■ **Data block**:

---

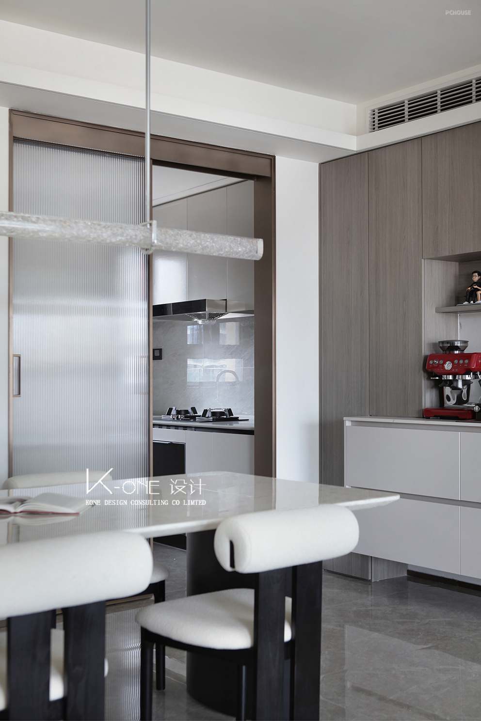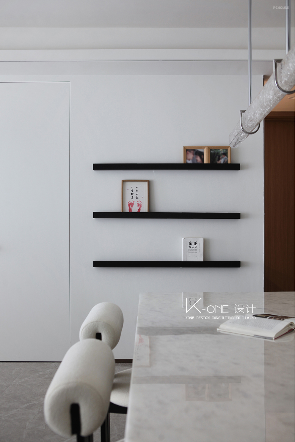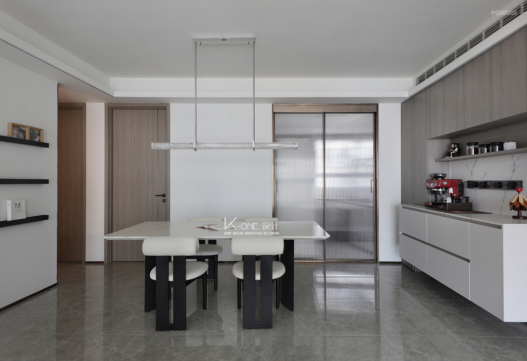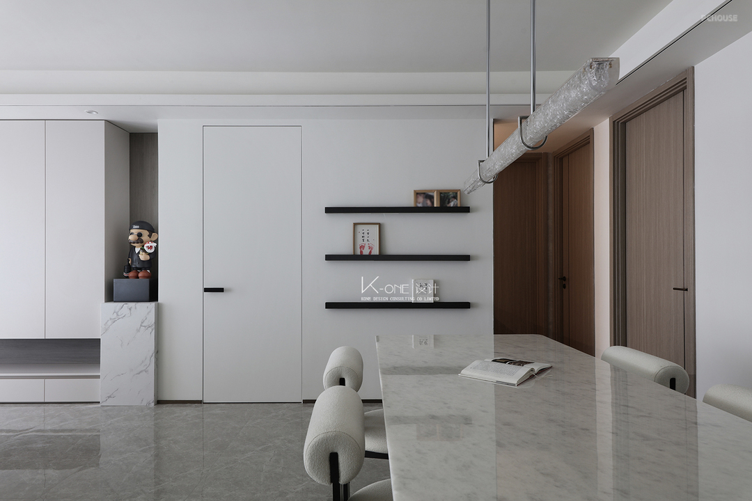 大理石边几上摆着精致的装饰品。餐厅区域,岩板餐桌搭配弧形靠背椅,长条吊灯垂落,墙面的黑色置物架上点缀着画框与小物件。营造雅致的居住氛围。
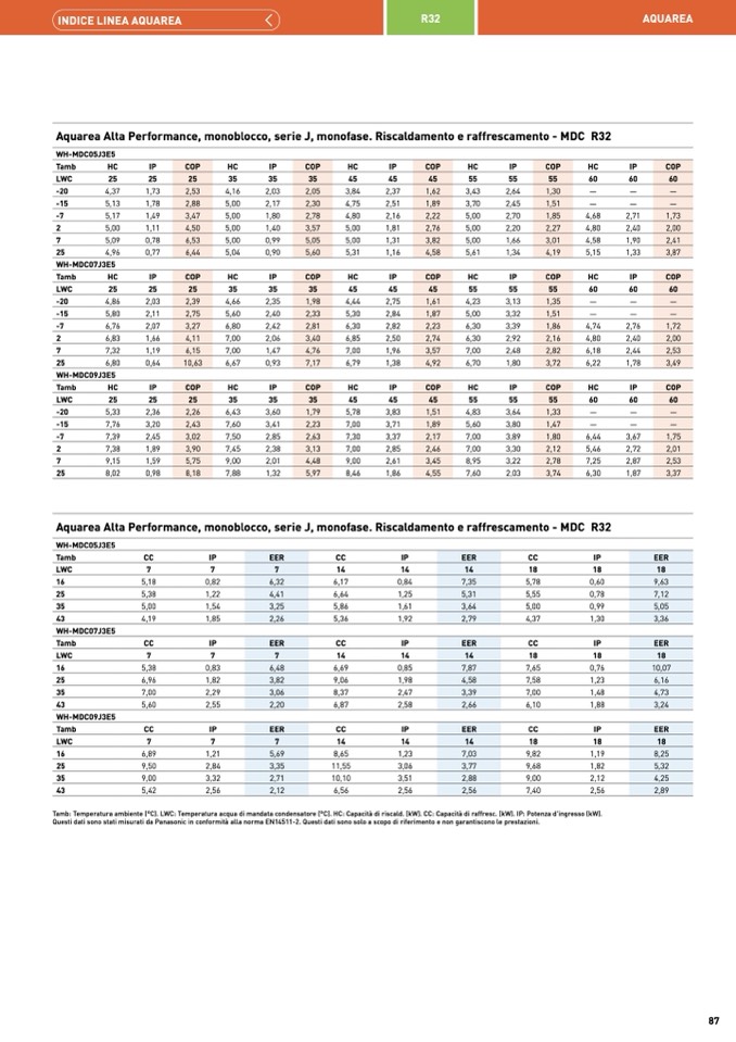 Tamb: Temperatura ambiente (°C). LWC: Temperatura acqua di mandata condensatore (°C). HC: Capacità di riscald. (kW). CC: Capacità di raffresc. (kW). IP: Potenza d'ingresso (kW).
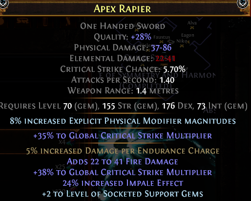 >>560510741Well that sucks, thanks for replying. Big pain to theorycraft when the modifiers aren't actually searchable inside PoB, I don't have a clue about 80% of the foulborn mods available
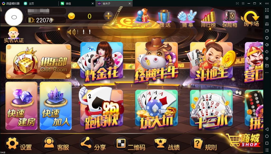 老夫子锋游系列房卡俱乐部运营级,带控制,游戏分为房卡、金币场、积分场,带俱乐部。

---

■ **Task item**: Would it be possible to give the material above again exactly, with the pictures left out?

■ **Response**:
 大理石边几上摆着精致的装饰品。餐厅区域,岩板餐桌搭配弧形靠背椅,长条吊灯垂落,墙面的黑色置物架上点缀着画框与小物件。营造雅致的居住氛围。
 Tamb: Temperatura ambiente (°C). LWC: Temperatura acqua di mandata condensatore (°C). HC: Capacità di riscald. (kW). CC: Capacità di raffresc. (kW). IP: Potenza d'ingresso (kW).
 >>560510741Well that sucks, thanks for replying. Big pain to theorycraft when the modifiers aren't actually searchable inside PoB, I don't have a clue about 80% of the foulborn mods available
 老夫子锋游系列房卡俱乐部运营级,带控制,游戏分为房卡、金币场、积分场,带俱乐部。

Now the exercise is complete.